The Mummy was filmed at the Universal Studios lot between September and November of 1932. Exterior Egyptian sequences were filmed at Red Rock Canyon State Park and the Mojave Desert in California.
Scenes involving the Saxon warrior were deleted from the final cut of the film.
Leyland Hodgson, Eddie Kane, Tony Marlow, C. Montague Shaw, Pat Somerset and Arthur Tovey were all uncredited for their participation in this film.
The makeup applications used to transform actor Boris Karloff into the aged mummy Imhotep was a painstaking and uncomfortable ordeal for Karloff. He has been quoted as saying that the application and removal of the makeup was "the most trying ordeal I [had] ever endured". [2]
Boris Karloff spends only nine-minutes onscreen in full mummy makeup. For the rest of his scenes, where he assumes the alias of Ardath Bey, he has very little makeup.

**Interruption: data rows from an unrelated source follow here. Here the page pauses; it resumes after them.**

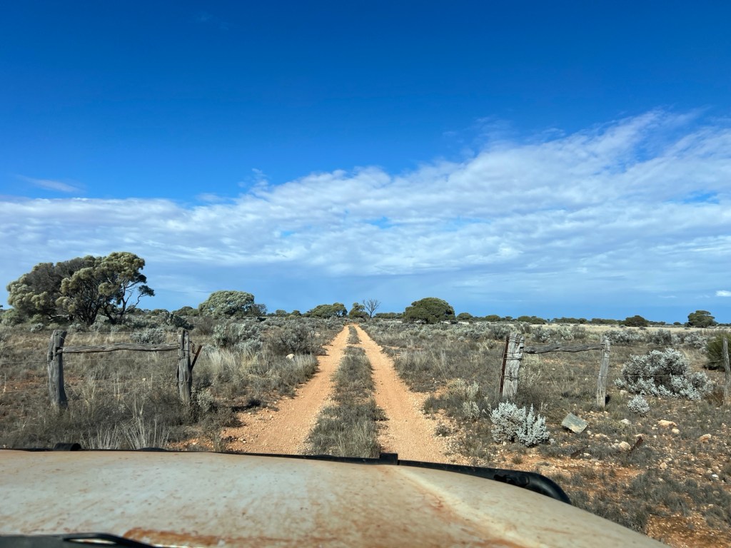 Drove through an old gate in an old fenceline. Perhaps the forlorn remains of Premier Downs Station?
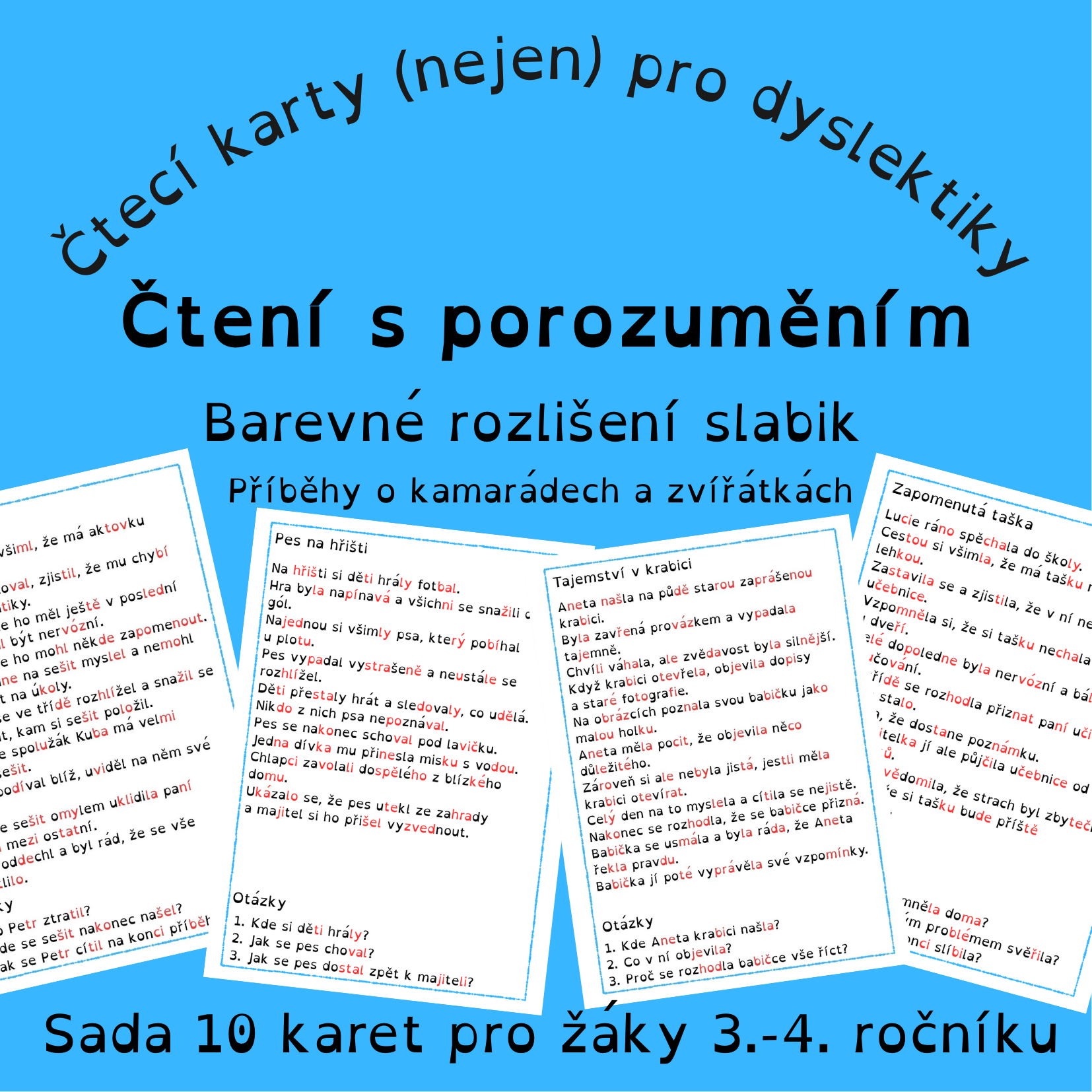Materiál obsahuje 10 čtecích karet formátu A5 s příběhy z prostředí dětí i zvířat pro 3.–4. ročník ZŠ. Texty jsou psány vypravěčským stylem v minulém čase, jsou barevně rozděleny po slabikách a zpracovány písmem OpenDyslexic. Materiál je vhodný i pro dyslektiky.
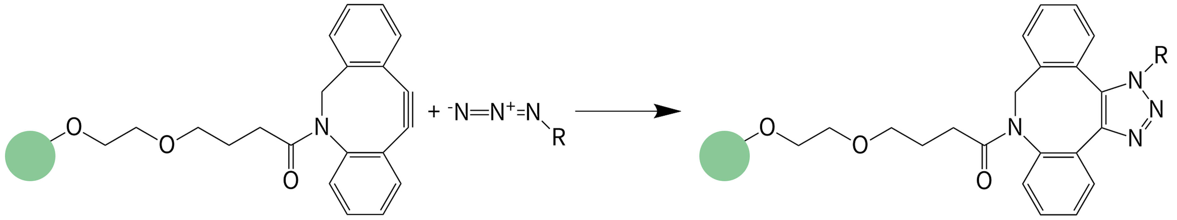 高效偶联:DBCO磁珠与Azide-tagged生物分子的反应无需催化剂,反应条件温和,可在生物体系中自发进行,形成稳定的三唑环结构;

As with many of his earlier horror works, Boris Karloff was credited only as KARLOFF in the film (all capitals).
The name Imhotep is taken from a Third Dynasty Egyptian chancellor and high priest in service to the king, Djoser. Imhotep is considered to be the first architect and engineer and physician in early history. [3] The name Imhotep was also used for the central antagonist in the 1999 film version of The Mummy, which is regarded as a remake, but is only loosely based on the original film.
Clips from this film are featured in the 2022 remake of The Munsters.